2. 4721 sayılı Türk Medeni Kanunu'nun 995 inci maddesi; "İyiniyetli olmayan zilyet, geri vermekle yükümlü olduğu şeyi haksız alıkoymuş olması yüzünden hak sahibine verdiği zararlar ve elde ettiği veya elde etmeyi ihmal eylediği ürünler karşılığında tazminat ödemek zorundadır. İyiniyetli olmayan zilyet, yaptığı giderlerden ancak hak sahibi için de zorunlu olanların tazmin edilmesini isteyebilir. İyiniyetli olmayan zilyet, şeyi kime geri vereceğini bilmediği sürece ancak kusuruyla verdiği zararlardan sorumlu olur." şeklindedir.

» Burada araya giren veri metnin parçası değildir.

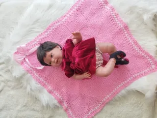 Manta artesanal tejida a crochet, perfecta para acompañar a tus muñecas. Su diseño a cuadros y el borde festoneado le dan un toque encantador. - Color rojo vibrante. - Adornada con un lazo de cinta de raso. - Ideal para muñecas.
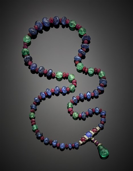 Collana a scalare tipo "tuttifrutti" in zaffiri, rubini e smeraldi a boule e scolpiti con chiusura in platino, oro bianco, diamanti, rubini e zaffiri a tenere una boule di smeraldo di mm 15,5x11,0 circa, g 76,96 circa, lungh. cm 63 circa. In scatola originale

3. Yargıtay Hukuk Genel Kurulunun 14.02.2019 tarihli ve 2018/I-1067 E., 2019/141 K. sayılı kararı.
3. Değerlendirme
Temyizen incelenen karar, tarafların iddia, savunma ve dayandıkları belgelere, uyuşmazlığa uygulanması gereken hukuk kuralları ile hukuki ilişkinin nitelendirilmesine, dava şartlarına, yargılama ve ispat kuralları ile kararda belirtilen gerekçelere, uyuşmazlığa konu taşınmazla ilgili olarak yapılan yargılama neticesinde Yargıtay Hukuk Genel Kurulunun 14.02.2019 tarihli ve 2018/I-1067 E., 2019/141 K. sayılı kararı ile davacı ...'in dava dışı vekil ... ile işbirliği içerisinde olduğu ve tapu malikini zararlandırmak suretiyle el ve işbirliği içerinde birlikte hareket ettiklerine yönelik değerlendirmeye göre, davacı tarafından ileri sürülen temyiz itirazlarının reddi ile kararın onanması gerekmektedir.
VI. KARAR
Açıklanan sebeplerle,
Temyiz olunan Bölge Adliye Mahkemesi kararının 6100 sayılı Kanun'un 370 inci maddesinin birinci fıkrası uyarınca ONANMASINA,
Aşağıda yazılı temyiz harcının temyiz edene yükletilmesine,
Dosyanın İlk Derece Mahkemesine, kararın bir örneğinin Bölge Adliye Mahkemesine gönderilmesine,
05.10.2023 tarihinde oybirliği ile karar verildi.